TASK OBJECTIVE:
Once the line holding "Bella Hadid courageously" appears, repeat it and each line after it to the end of the data, exactly and with nothing else; pictures stay out.

DATA BELOW:
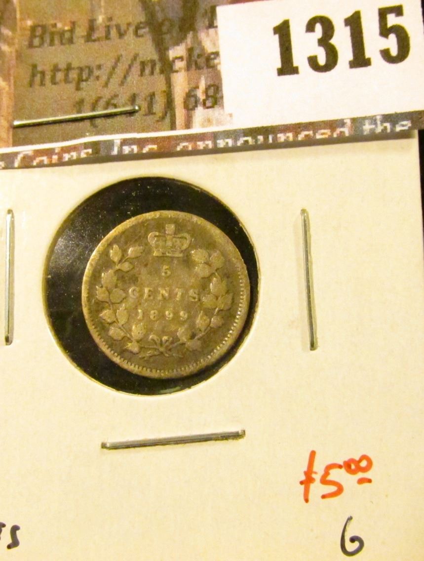 1315 . 1899 Canada Five Cent Silver, G, value $5
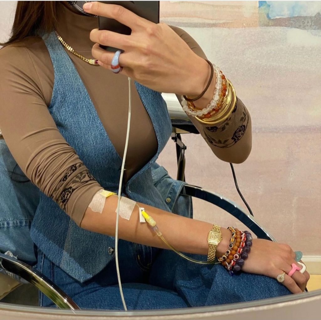 Bella Hadid courageously shared some photos on Instagram of herself during an IV session.“Living with a few chronic autoimmune diseases = always finding time for my IVs,” she said.
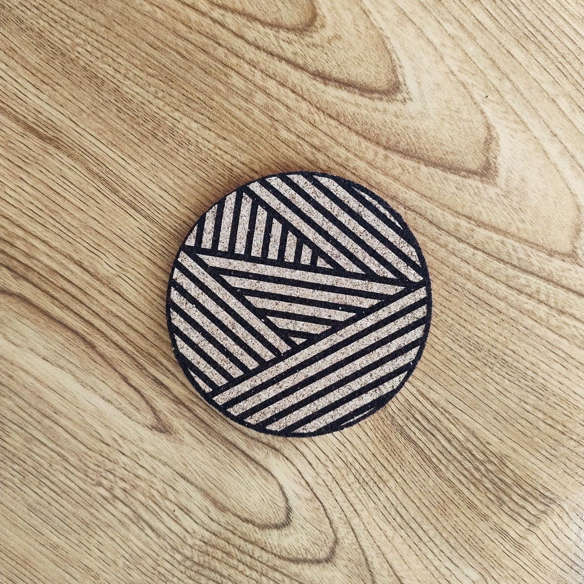 Sublimez votre table avec notre lot de 6 dessous de verre en liège, ornés d'un design géométrique unique.

ANSWER BOX:
 Bella Hadid courageously shared some photos on Instagram of herself during an IV session.“Living with a few chronic autoimmune diseases = always finding time for my IVs,” she said.
 Sublimez votre table avec notre lot de 6 dessous de verre en liège, ornés d'un design géométrique unique.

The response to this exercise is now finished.